We instrument the APIs used to persist data objects (e.g., pmemobj\_persist() in PMDK) to study the performance of write operations. The APIs use the starting address and size of the data objects as input. Figure 2b reports the distribution of the persisted data size in transactions that perform write operations on 512-byte persistent objects. The figure reveals that more than 78% of persisted objects are smaller than 64 bytes, i.e., a lot of small writes on PM. Furthermore, we study write amplification, quantified as the ratio between write traffic in PM measured by performance counters and the number of bytes modified by transactions. Figure 2c reports the write amplification in transactions that perform write operations on 64- and 512-byte persistent objects. All systems exhibit write amplification, inflating PM write traffic by 1.8x - 27x.

Performance analysis. We find that the metadata updates are the primary source of small writes. In general, transaction systems have four types of metadata: metadata for transaction runtime, metadata for memory allocation, log metadata, and metadata for persistent objects. Metadata for transaction runtime records transaction status, e.g., COMMIT or ABORT, and transaction IDs. Metadata for memory allocation has information about memory consumption. Log metadata has information on logs (e.g., the indexing of log records), and is unique in logging-based transactions. Metadata for persistent objects store pointers to the new or old copy of persistent objects, and is unique in CoW-based transactions. By design, CoW-based systems have more metadata updates than logging-based ones. For instance, OCoW has about 270% more metadata updates than the other three logging-based systems. For each update, a CoW-based transaction must allocate a new data copy, remap pointers to the data, and deallocate the old data copy. This process generates frequent small writes to metadata for memory allocation and persistent objects.

#### 3.2 Performance Study of PM Writes

We study the write performance on Optane DC PM using a microbenchmark that performs random and sequential writes. Each write is followed by cache line flushes to persist to PM.



Figure 2: Performance characterization of write operations in PM transactions.

**Figure 3:** Sequential and random write bandwidth at different write sizes on PM and DRAM.

Various write sizes, ranging from one to 11 cache lines, are tested. Figure 3 reports the bandwidth of performing 100M writes using 24 threads on PM and DRAM. We have the following observations and insights for high-performance PM transactions.
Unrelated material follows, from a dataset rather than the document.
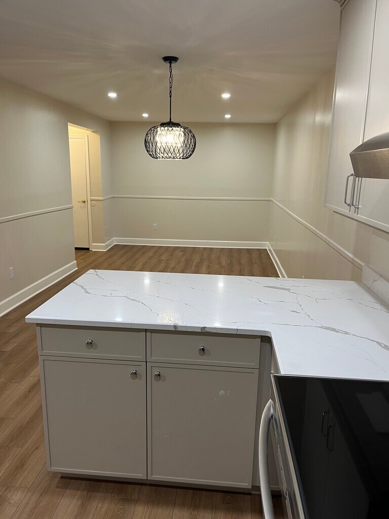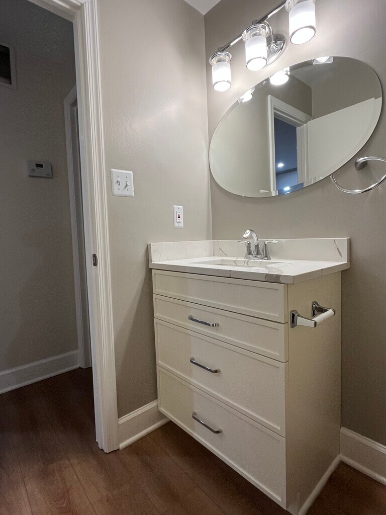 1 bedroom basement-level apartment in desirable Tuckerman Station neighborhood. Very private location with washer and dryer in unit. *Brand-new hardwood flooring and fresh paint throughout! *Brand-new kitchen cabinets with tons of storage space! *Brand-new quartz countertops in the kitchen and bathroom! *Brand-new hot water heater, a/c, and furnace! *Stainless steel appliances including brand new oven *Recessed lighting in kitchen & family room *Large master bedroom with double closets Total apartment is 705 sq ft. Just a 10-minute walk to Grosvenor Metro. Close to NIH, Walter Reed National Military Medical Center, Montgomery Mall, Pike & Rose, Wildwood Shopping Center, 270, 495, and literally steps to the Bethesda Trolley Trail. Perks include swimming pool, tennis courts, EV charging stations, and a dedicated parking spot right in front of the building. Water is included so you only need to pay electricity. No pets Credit check and references required. Minimum 1 year lease. One month's security deposit required.

Figures 3a and 3b show that write bandwidth of PM is significantly lower than that of DRAM. On our system, write bandwidth to DRAM reaches 80 GB/s but only 13 GB/s to Optane PM. Furthermore, on Optane PM, the peak write bandwidth is 13 GB/s, 3x lower than the peak read bandwidth. These results are consistent with the existing work [34]. Hence, **reducing write traffic on PM is critical** for high-performance transactions. The logging-based transaction systems need to write data twice to update a persistent object, which causes excessive write traffic.

Figure 3a shows that small random writes on PM perform worse than sequential writes. When writing only 64 bytes (Figure 3a), random write merely achieves 25% of the bandwidth of sequential write. This performance gap is caused by the 256-byte Optane internal granularity and write amplification, and the gap reduces when the write size increases. The logging-based transactions update persistent objects in-place. This could result in random writes, because persistent objects in a transaction can be randomly distributed on PM. Using out-place updates, as in CoW-based transactions, can enable sequential writes because the new copies of persistent objects are manageable and can be laid out contiguously in PM.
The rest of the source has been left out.